|Sano, Edson - EMBRAPA (BRAZIL)|
|Qi, J. - UNIVERSITY OF MICHIGAN|
|Huete, Alfredo - UNIVERSITY OF ARIZONA|
Submitted to: Proceedings of the Latino American Seminar on Radar Remote Sensing
Publication Type: Proceedings
Publication Acceptance Date: November 27, 1997
Publication Date: November 27, 1997
Citation: Sano, E.E., Qi, J., Huete, A.R., Moran, M.S. 1997. The use of sar/tm synergy for estimating soilmoisture content over a semi-arid rangeland. In:Proceedings 2nd Latino-American Seminar on Radar Remote Sensing, Sept. 11-12, 1997, Santos, Sao Paulo, Brazil. p. 175-183. Interpretive Summary: Regional maps of soil moisture are important for many applications, including urban and rural planning, global climate analysis and water resource monitoring. Unfortunately, there is no accepted method for mapping soil moisture over large areas. There is evidence that images acquired by satellite-based sensors which measure the backscatter from radar beams can be used to estimate soil moisture. In this study, radar images were combined with other easily obtained data to map the surface soil moisture over a semi-arid rangeland. This appears to be a promising approach for mapping regional soil moisture with reasonable expense and minimal labor.

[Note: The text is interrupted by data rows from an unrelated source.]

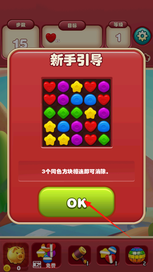 2、进入新手引导,弹出提示框,说3个同色方块相连能消除,点OK确认,然后在下面的方块堆里,找同色的,交换位置让它们连一起,完成消除,熟悉游戏规则。
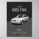 The Audi B5 A4 Sedan is a timeless symbol of 1990s German engineering — refined, balanced, and built to last. With its clean lines and quattro heritage, it represents the era when Audi perfected the modern sport sedan. This poster design pays tribute to the Audi B5 A4 — a true classic that blends elegance and precision in every detail.
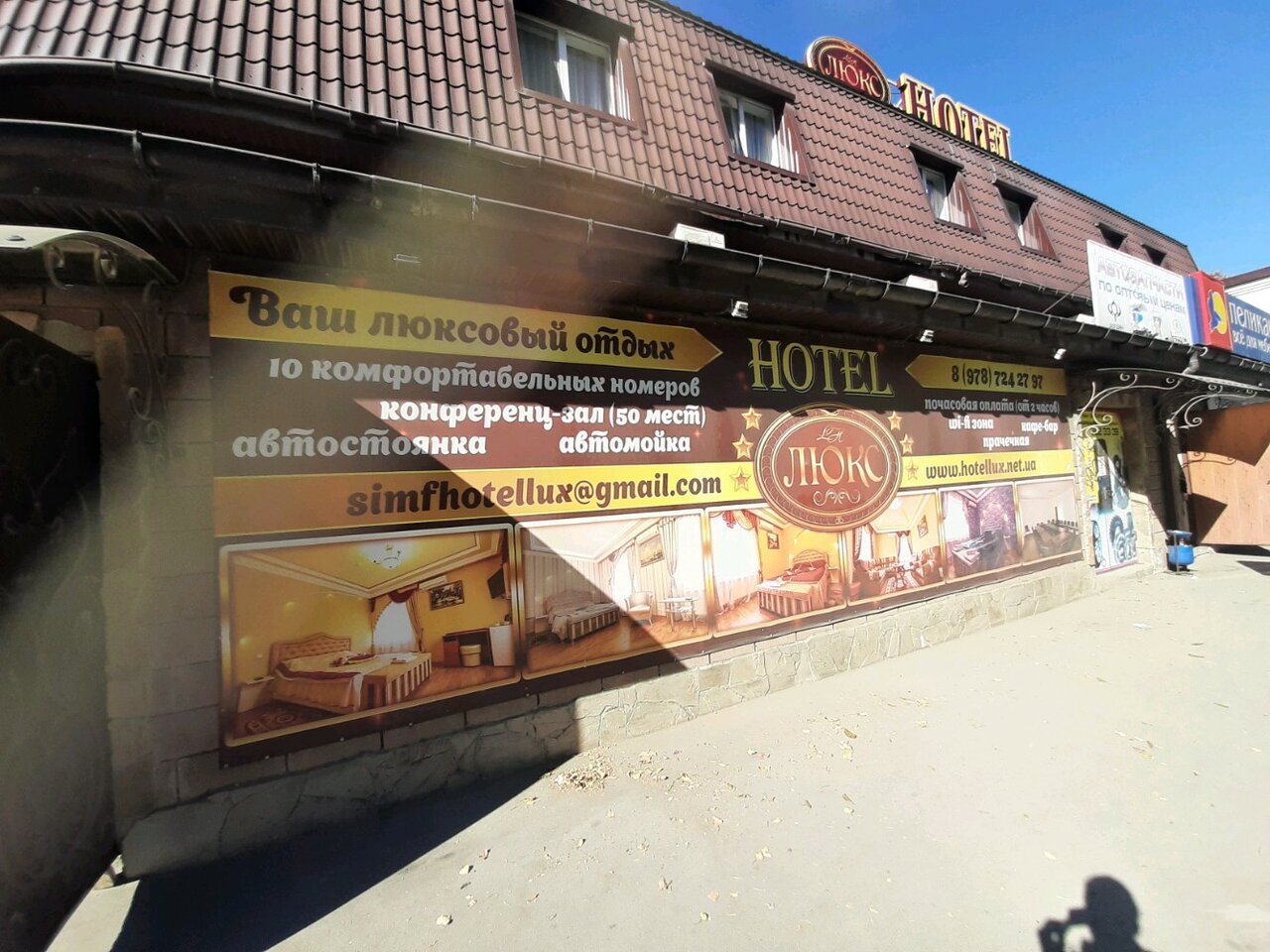 Гостиница «Люкс» (Симферополь, ул. Москалёва, 11) — мини-отель категории 2★ с круглосуточным обслуживанием. Предлагает номера с кондиционером, Wi-Fi, телевизором, холодильником и феном. В стоимость проживания (2000–3500 ₽/ночь) не входит питание, но доступны микроволновка, чайник и посуда.
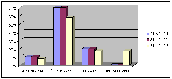 Из них 7 человек имеют 1 категорию – 58%, 2 чел. – высшую категорию – 17% и 1 чел. вторую категорию – 8%, 2- категорию не имеют – 17%.

Technical Abstract: The C-band ERS-1 SAR data were combined with the Landsat TM data to improve the soil moisture estimates in a semiarid region. The SAR data were compared with the soil moisture measurement at three conditions: a) without any correction for soil roughness and vegetation effects; b) corrected for soil roughness and effects; and c) corrected for both soil roughness and vegetation effects. The soil roughness effects were taken into account by using a dry season SAR image. The vegetation influence was considered by using an empirical relationship between SAR and leaf area index data, the latter being derived from TM images. Results indicated that the contribution of soil roughness and vegetation in the radar backscatter were significant and they must be taken into account to obtain accurate soil moisture estimations.